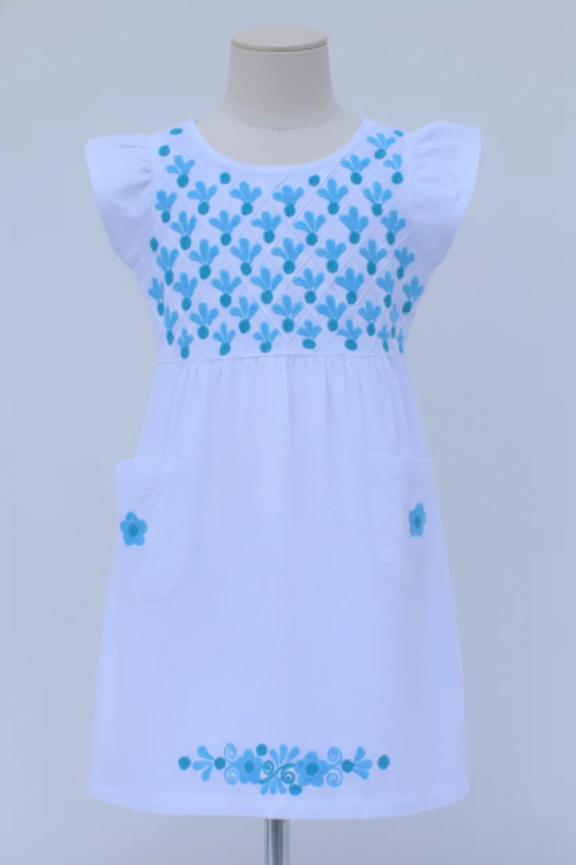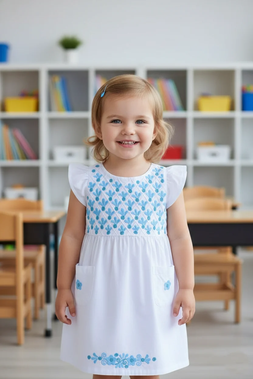 Este encantador vestido infantil es la pieza ideal para cualquier ocasión especial bajo el sol. Confeccionado en un suave tejido de algodón, destaca por su exquisito bordado floral, que aporta una textura artesanal y única.
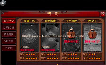 全民奇迹古战场需要1转70级完成主线任务方可开启,每天进入古战场的时间为30分钟,古战场有八倍经验和八倍掉率,经验方面进入古战场之前最好在商城内在购买一个3倍经验印章,这样刷怪的时候经验会高出很多,在选择刷怪地点的时候,小编这建议可以找一处3个怪物的刷新交叉点,这样刷怪效率会提高很多;掉率方面小编在古战场内最好也只打到绿装,蓝装、紫装都没见到过,所以古战场还是以刷经验为主。
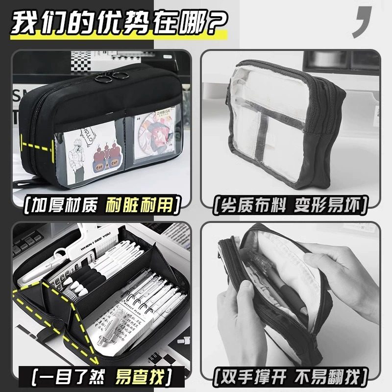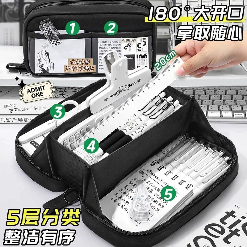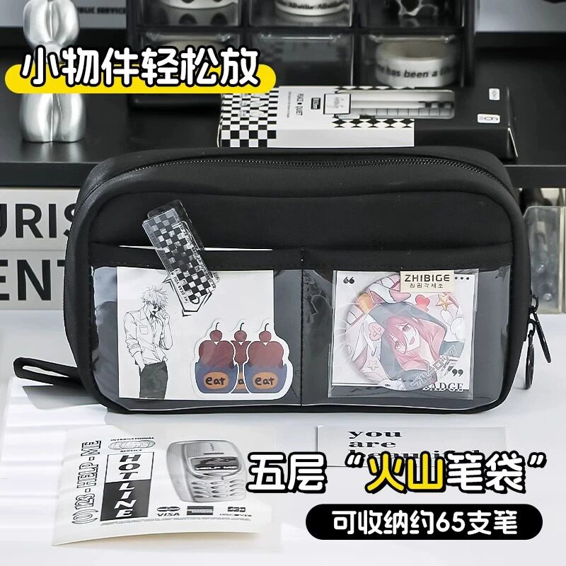 加大容量火山笔袋男孩子款2025新款文具盒初中生高中铅笔盒男生男童三五六年级小学生用女生女孩高颜值简约黑
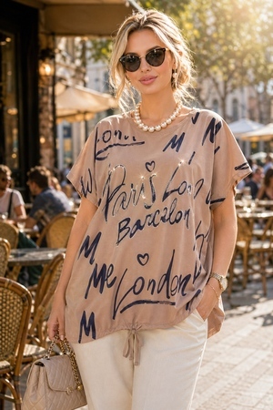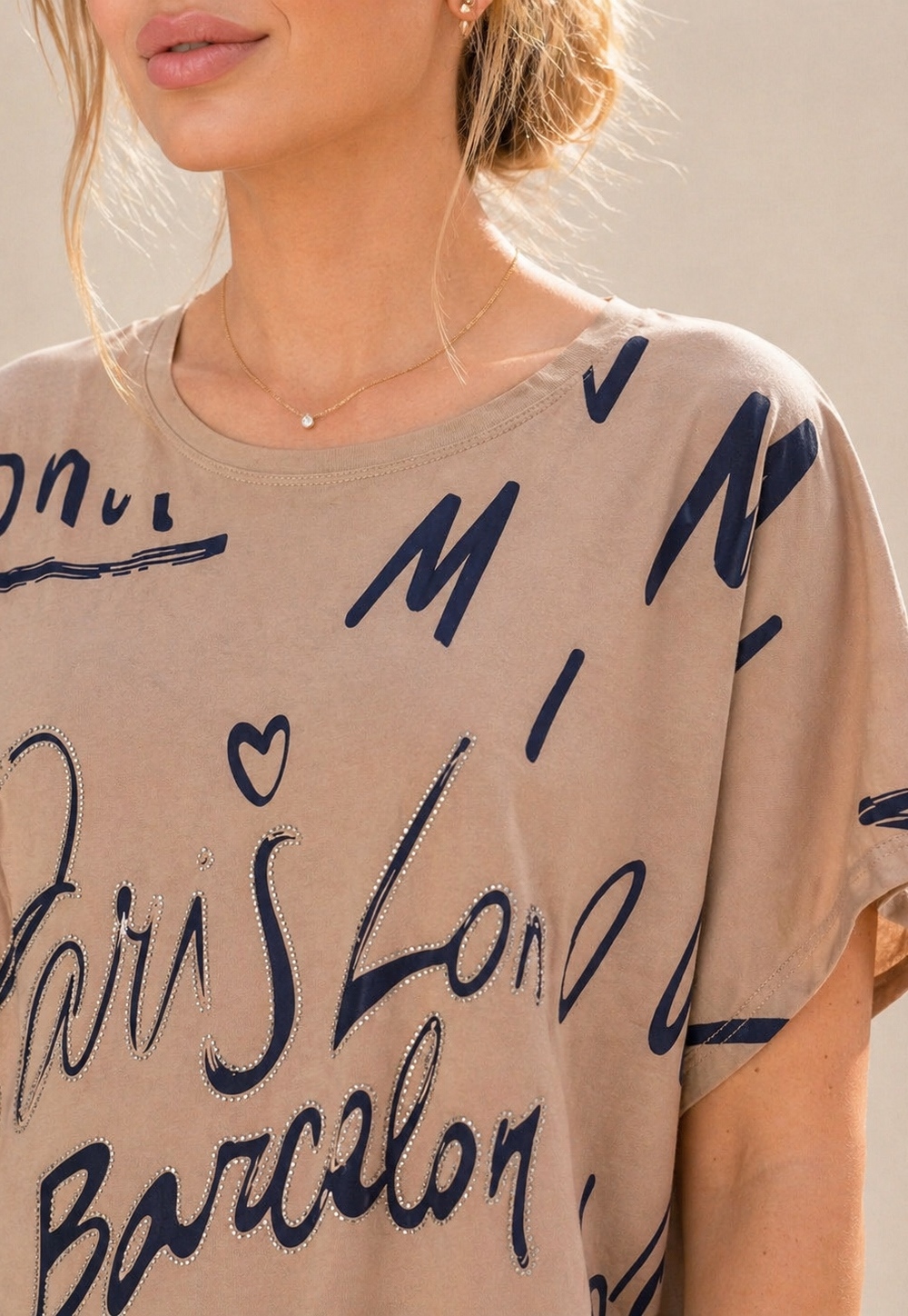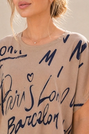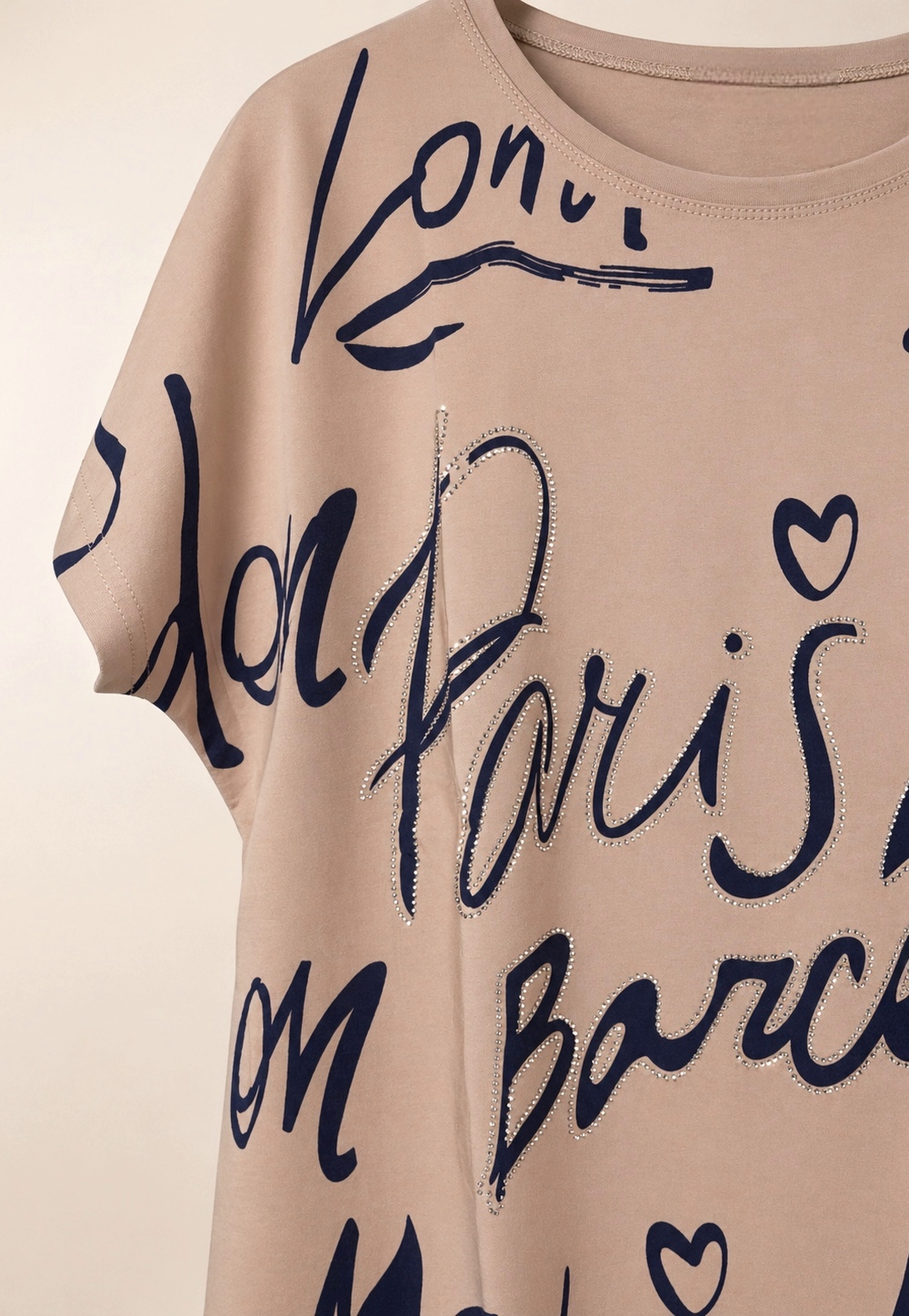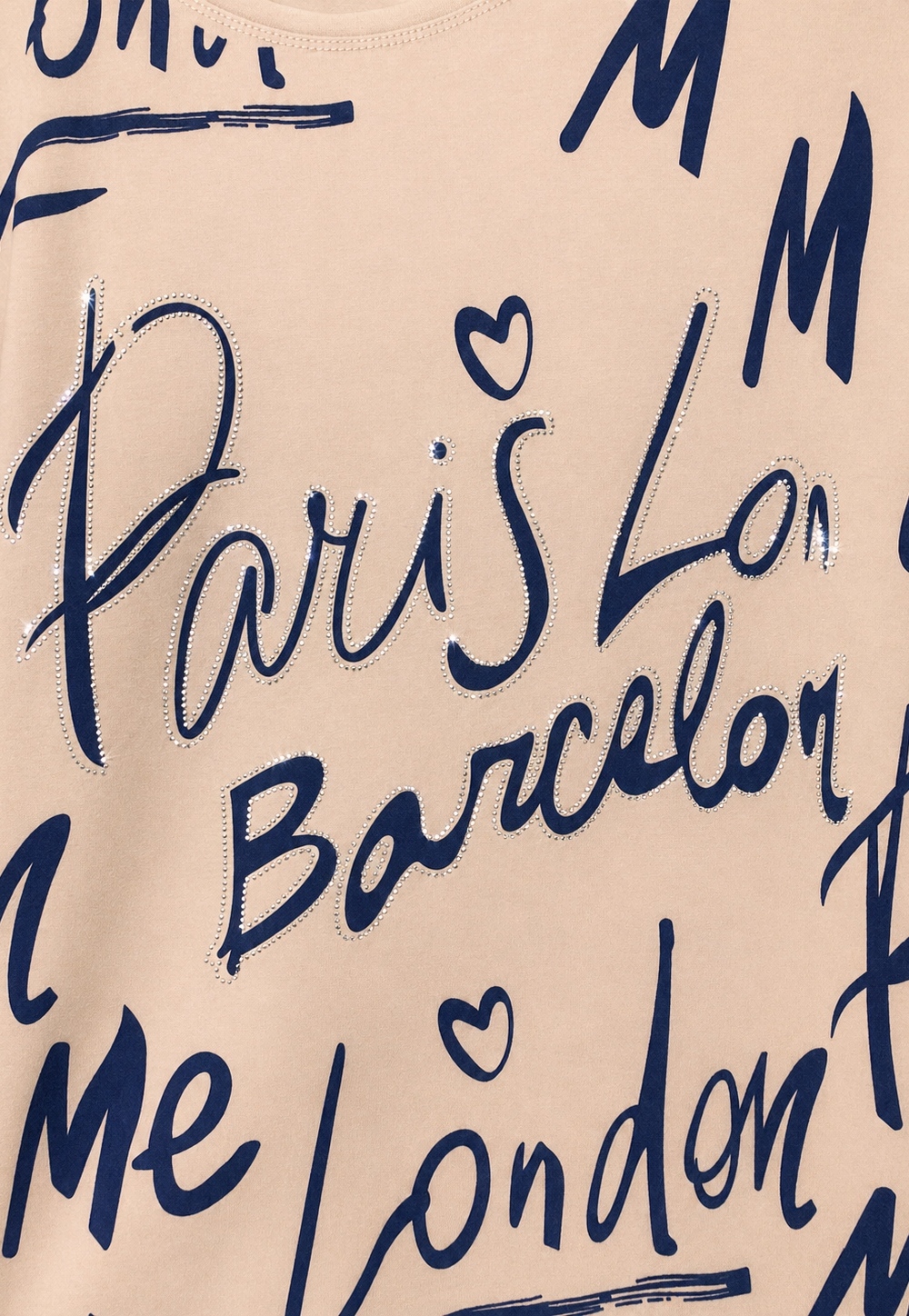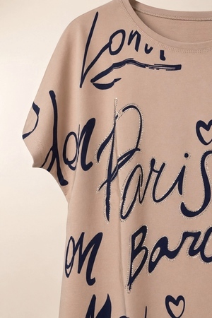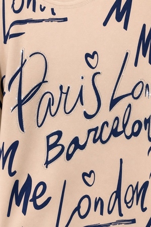 Роскошный дизайн и принт: Лицевая сторона украшена стильным принтом с названиями городов (Париж, Барселона, Лондон). Ключевая деталь — буквы выложены качественными стразами. Они не просто напечатаны, а надежно закреплены: стразы останутся на месте, не отклеятся после стирки и будут радовать вас долгое время. На солнце или при свете софитов композиция особенно красиво переливается, создавая эффект «бриллиантового» сияния.
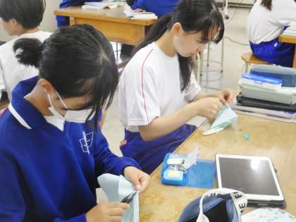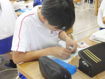 11学級は、家庭科の「衣食住の生活」の授業の様子です。学習課題は「基礎縫いを確認しよう」です。「玉結び・玉止め・並縫い」に一生懸命取り組んでいました。「小学校のときにやったので簡単」「うまく縫えない。難しい」などの声が聞こえてきました。
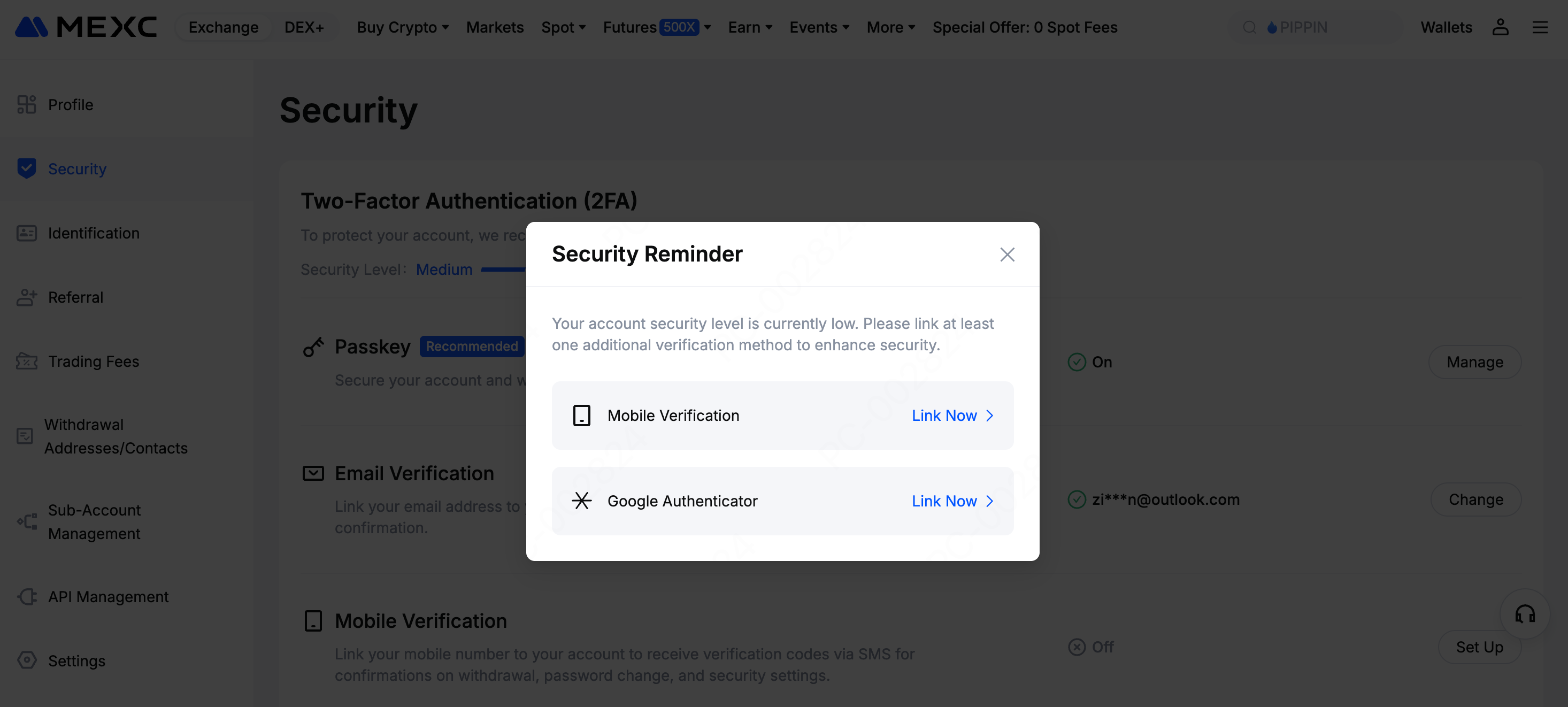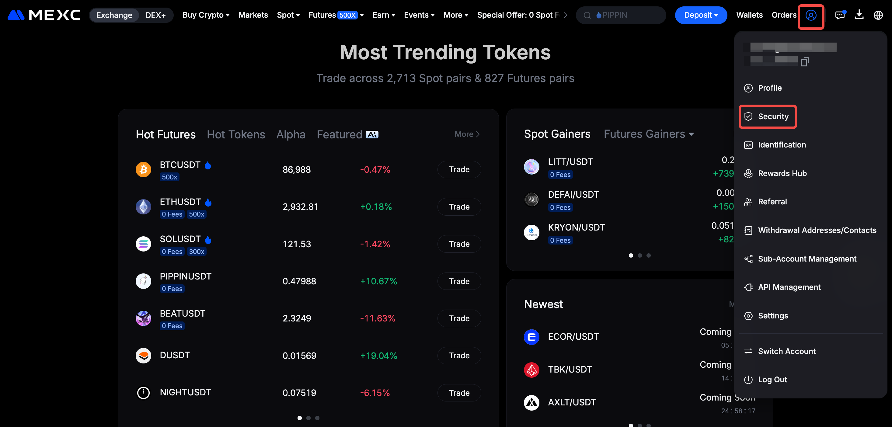 Open the MEXC official website and log in to your account. From the profile icon on the homepage, select Security.
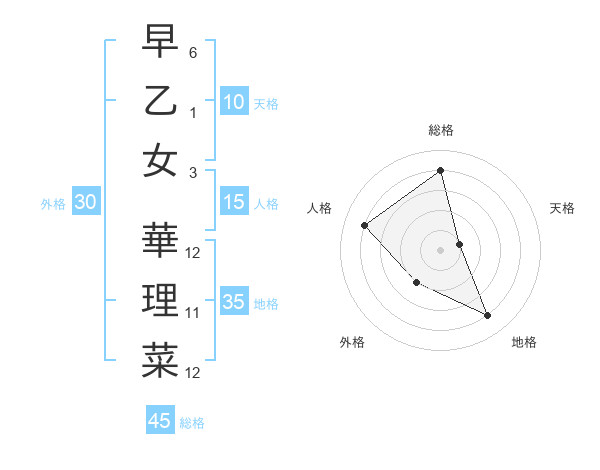 早乙女 華理菜さんの総格は45画の4点
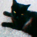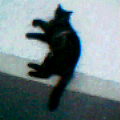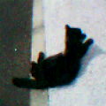 愛宕山の麓の黒猫。 人なつっこい猫で、 近付くとあちらから寄ってきます。 それなりに高齢なようで、 態度が鷹揚にも見えないことも。 光沢が省略されてしまったようで、 シルエットか、 黒一色で描いた壁画のようにも。 |
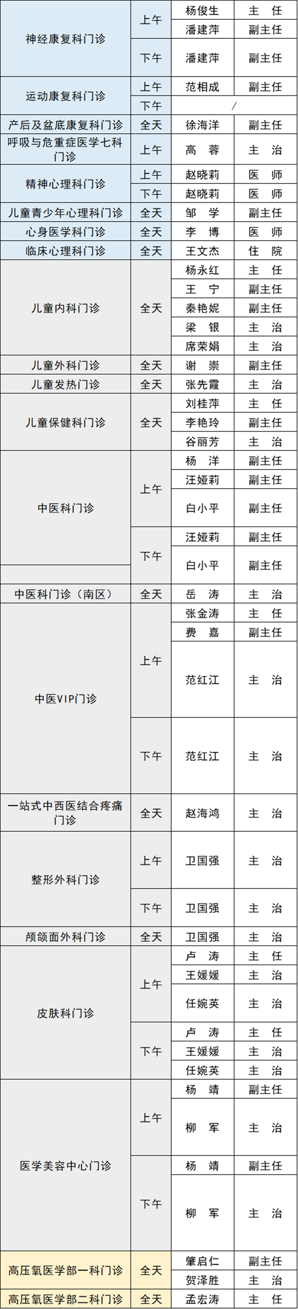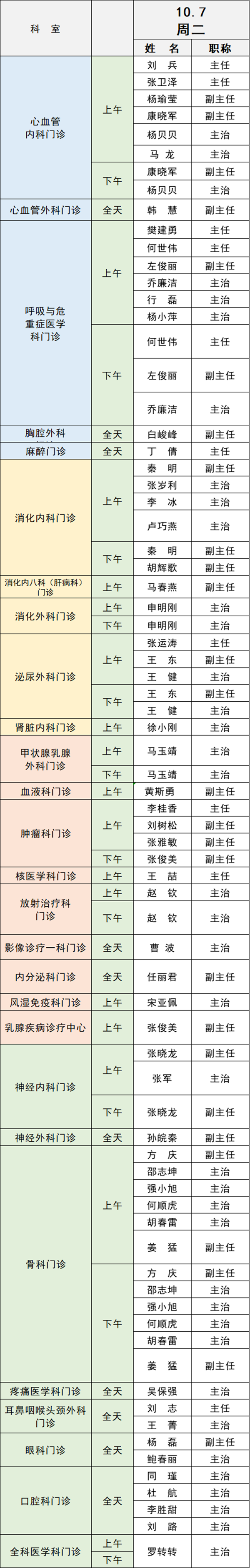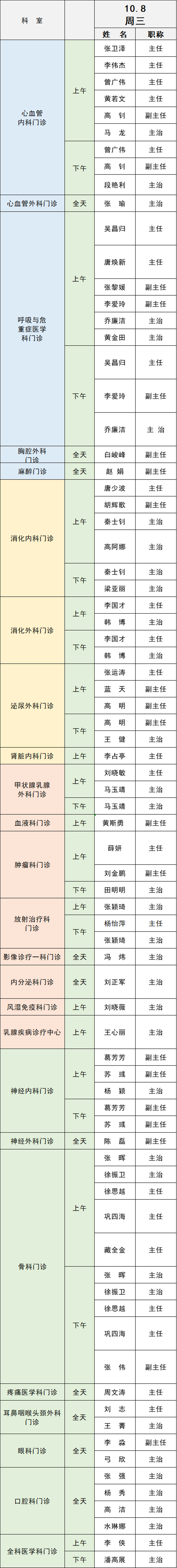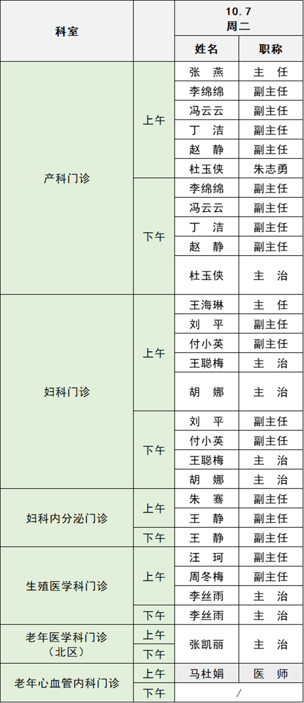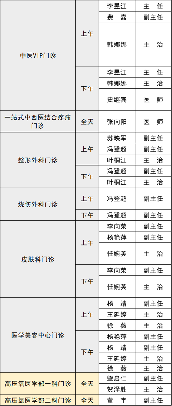 備注:實(shí)際出診情況以醫(yī)院掛號(hào)平臺(tái)實(shí)時(shí)信息為準(zhǔn)。“職稱”欄里主任=主任醫(yī)師副主任=副主任醫(yī)師主治=主治醫(yī)師
*-*-*
== Exercise description ==
Set down the entries above word for word, but drop any image.

== Reply to the exercise ==
 Este encantador vestido infantil es la pieza ideal para cualquier ocasión especial bajo el sol. Confeccionado en un suave tejido de algodón, destaca por su exquisito bordado floral, que aporta una textura artesanal y única.
 全民奇迹古战场需要1转70级完成主线任务方可开启,每天进入古战场的时间为30分钟,古战场有八倍经验和八倍掉率,经验方面进入古战场之前最好在商城内在购买一个3倍经验印章,这样刷怪的时候经验会高出很多,在选择刷怪地点的时候,小编这建议可以找一处3个怪物的刷新交叉点,这样刷怪效率会提高很多;掉率方面小编在古战场内最好也只打到绿装,蓝装、紫装都没见到过,所以古战场还是以刷经验为主。
 加大容量火山笔袋男孩子款2025新款文具盒初中生高中铅笔盒男生男童三五六年级小学生用女生女孩高颜值简约黑
 Роскошный дизайн и принт: Лицевая сторона украшена стильным принтом с названиями городов (Париж, Барселона, Лондон). Ключевая деталь — буквы выложены качественными стразами. Они не просто напечатаны, а надежно закреплены: стразы останутся на месте, не отклеятся после стирки и будут радовать вас долгое время. На солнце или при свете софитов композиция особенно красиво переливается, создавая эффект «бриллиантового» сияния.
 11学級は、家庭科の「衣食住の生活」の授業の様子です。学習課題は「基礎縫いを確認しよう」です。「玉結び・玉止め・並縫い」に一生懸命取り組んでいました。「小学校のときにやったので簡単」「うまく縫えない。難しい」などの声が聞こえてきました。
 Open the MEXC official website and log in to your account. From the profile icon on the homepage, select Security.
 早乙女 華理菜さんの総格は45画の4点
 愛宕山の麓の黒猫。 人なつっこい猫で、 近付くとあちらから寄ってきます。 それなりに高齢なようで、 態度が鷹揚にも見えないことも。 光沢が省略されてしまったようで、 シルエットか、 黒一色で描いた壁画のようにも。 |
 備注:實(shí)際出診情況以醫(yī)院掛號(hào)平臺(tái)實(shí)時(shí)信息為準(zhǔn)。“職稱”欄里主任=主任醫(yī)師副主任=副主任醫(yī)師主治=主治醫(yī)師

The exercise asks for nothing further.